*ABOUT THIS EXERCISE*
From the material below, retype exactly the lines that begin at the line with "根据招股书披露的数据,201" and end after the line with "Umbrella icon and"; pictures stay out of the copy.

*ENTRIES SHOWN*
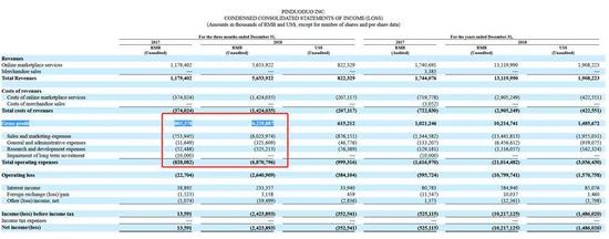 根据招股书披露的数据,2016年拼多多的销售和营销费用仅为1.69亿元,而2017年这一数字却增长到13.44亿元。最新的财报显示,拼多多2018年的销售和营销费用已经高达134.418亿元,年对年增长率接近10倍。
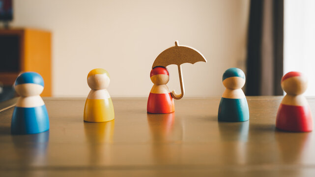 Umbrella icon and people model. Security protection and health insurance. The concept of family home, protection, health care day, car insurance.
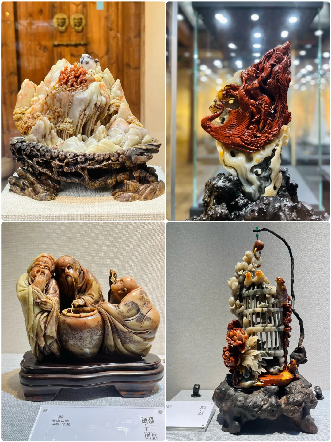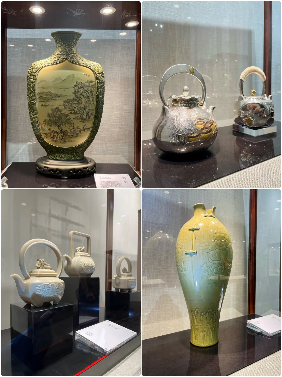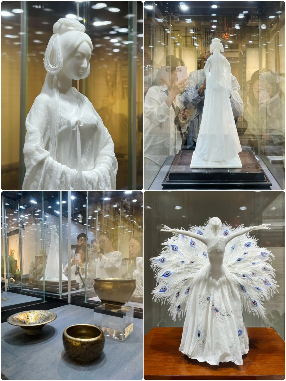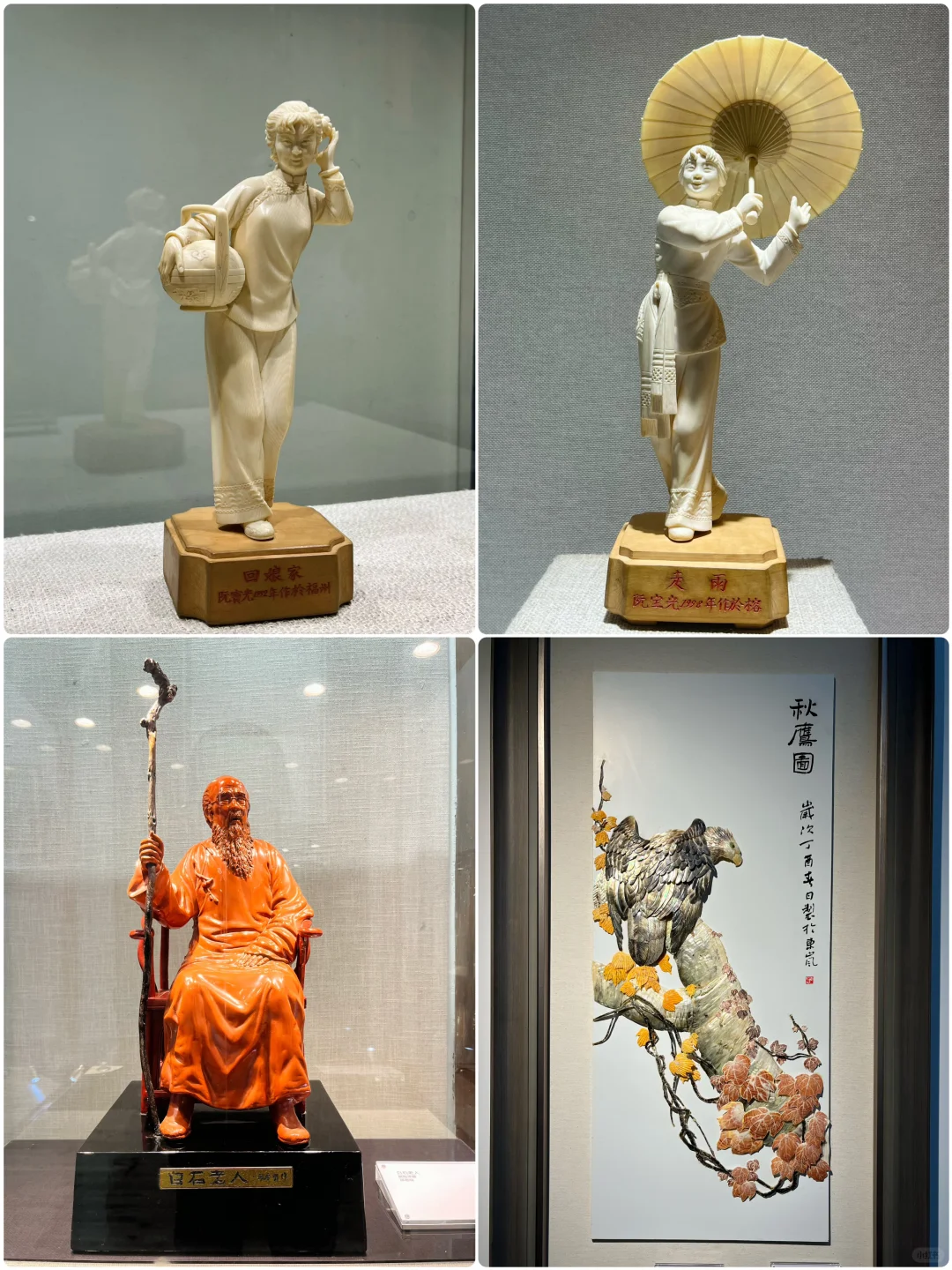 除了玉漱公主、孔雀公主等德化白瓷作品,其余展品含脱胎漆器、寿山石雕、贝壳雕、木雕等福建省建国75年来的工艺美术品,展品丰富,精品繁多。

--

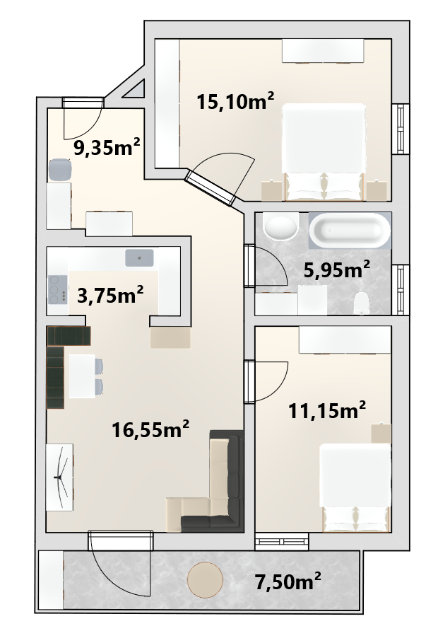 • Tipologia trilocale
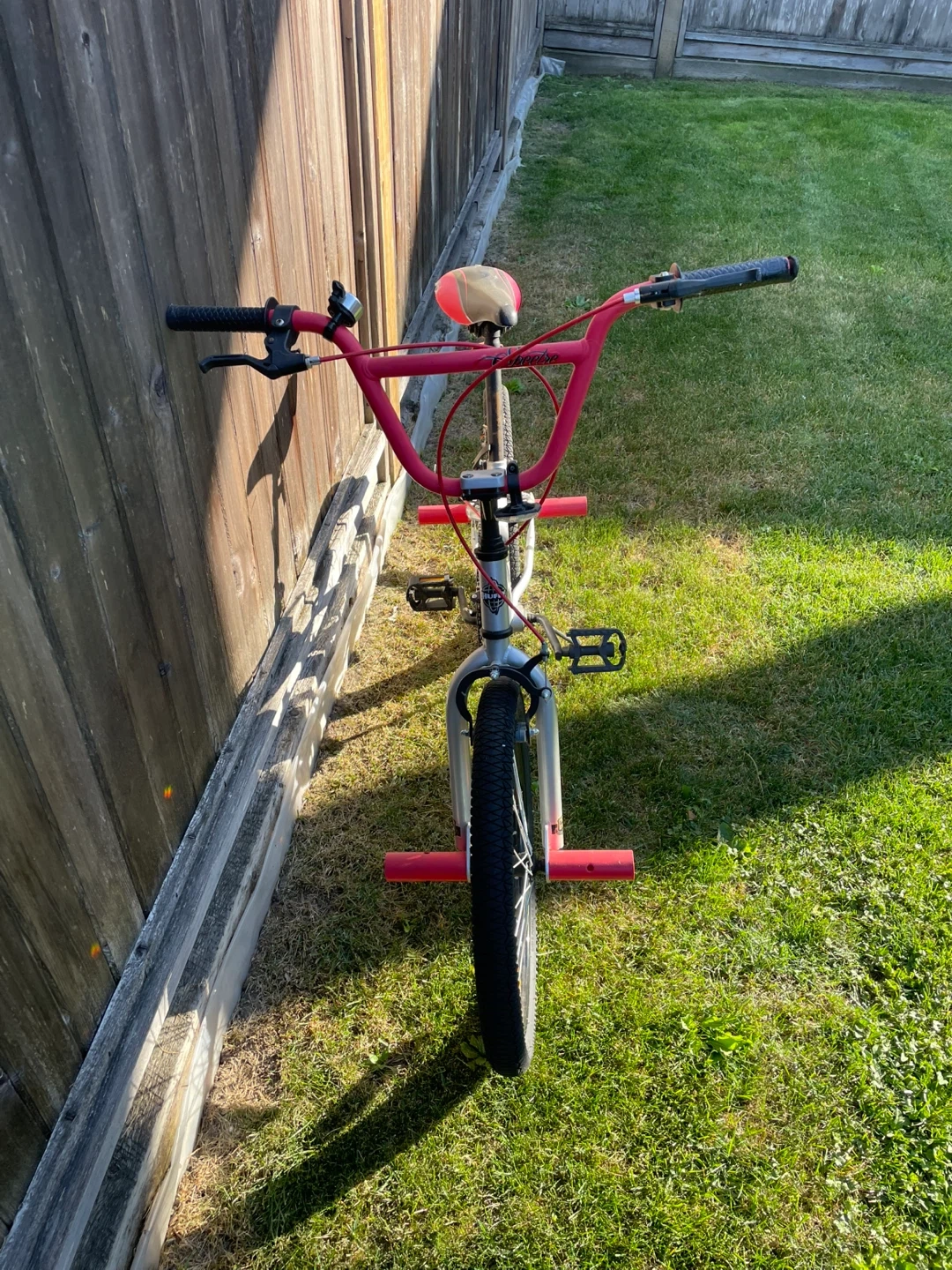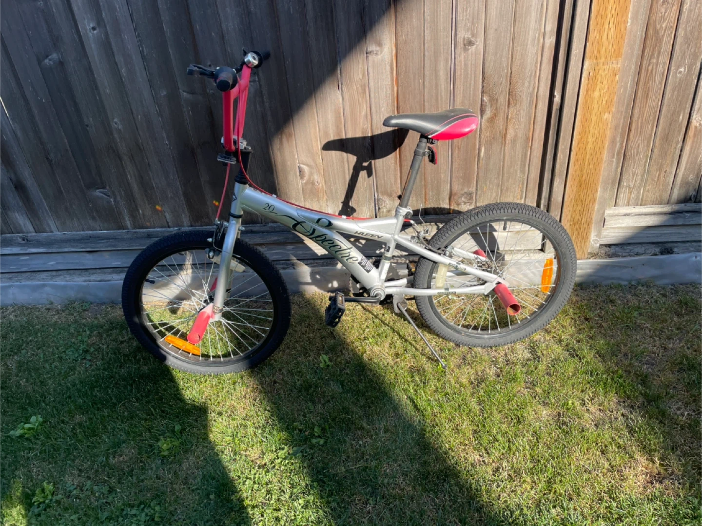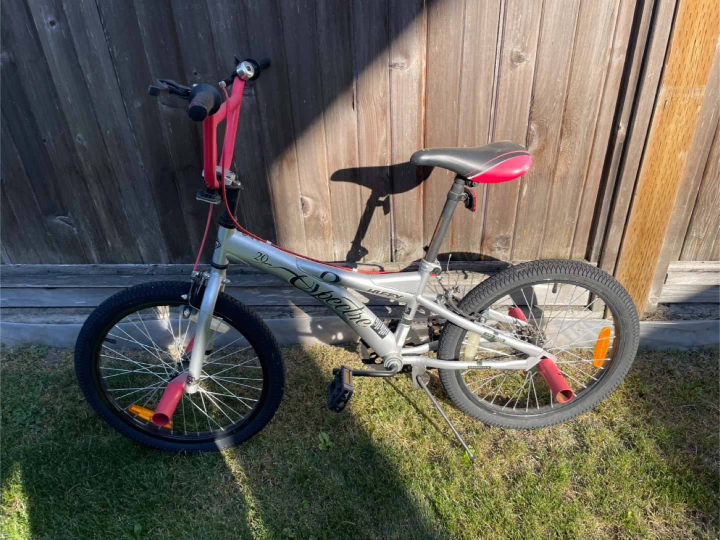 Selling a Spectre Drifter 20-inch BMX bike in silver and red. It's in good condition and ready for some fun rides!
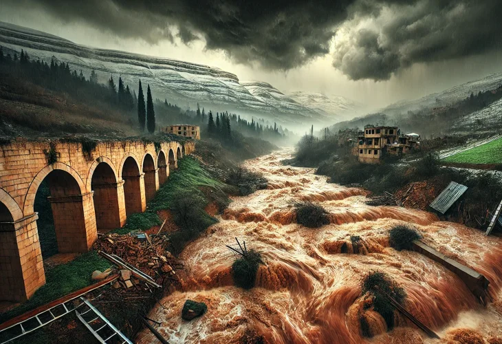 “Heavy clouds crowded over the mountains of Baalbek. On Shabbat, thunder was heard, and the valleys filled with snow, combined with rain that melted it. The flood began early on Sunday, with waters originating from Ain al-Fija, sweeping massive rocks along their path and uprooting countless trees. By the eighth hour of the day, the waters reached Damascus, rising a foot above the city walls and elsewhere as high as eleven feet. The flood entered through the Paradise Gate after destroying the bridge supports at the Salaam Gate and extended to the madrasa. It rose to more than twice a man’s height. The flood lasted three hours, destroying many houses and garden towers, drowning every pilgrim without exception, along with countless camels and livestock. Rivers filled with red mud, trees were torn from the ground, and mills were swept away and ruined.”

*ANSWER TO THIS TASK*
 根据招股书披露的数据,2016年拼多多的销售和营销费用仅为1.69亿元,而2017年这一数字却增长到13.44亿元。最新的财报显示,拼多多2018年的销售和营销费用已经高达134.418亿元,年对年增长率接近10倍。
 Umbrella icon and people model. Security protection and health insurance. The concept of family home, protection, health care day, car insurance.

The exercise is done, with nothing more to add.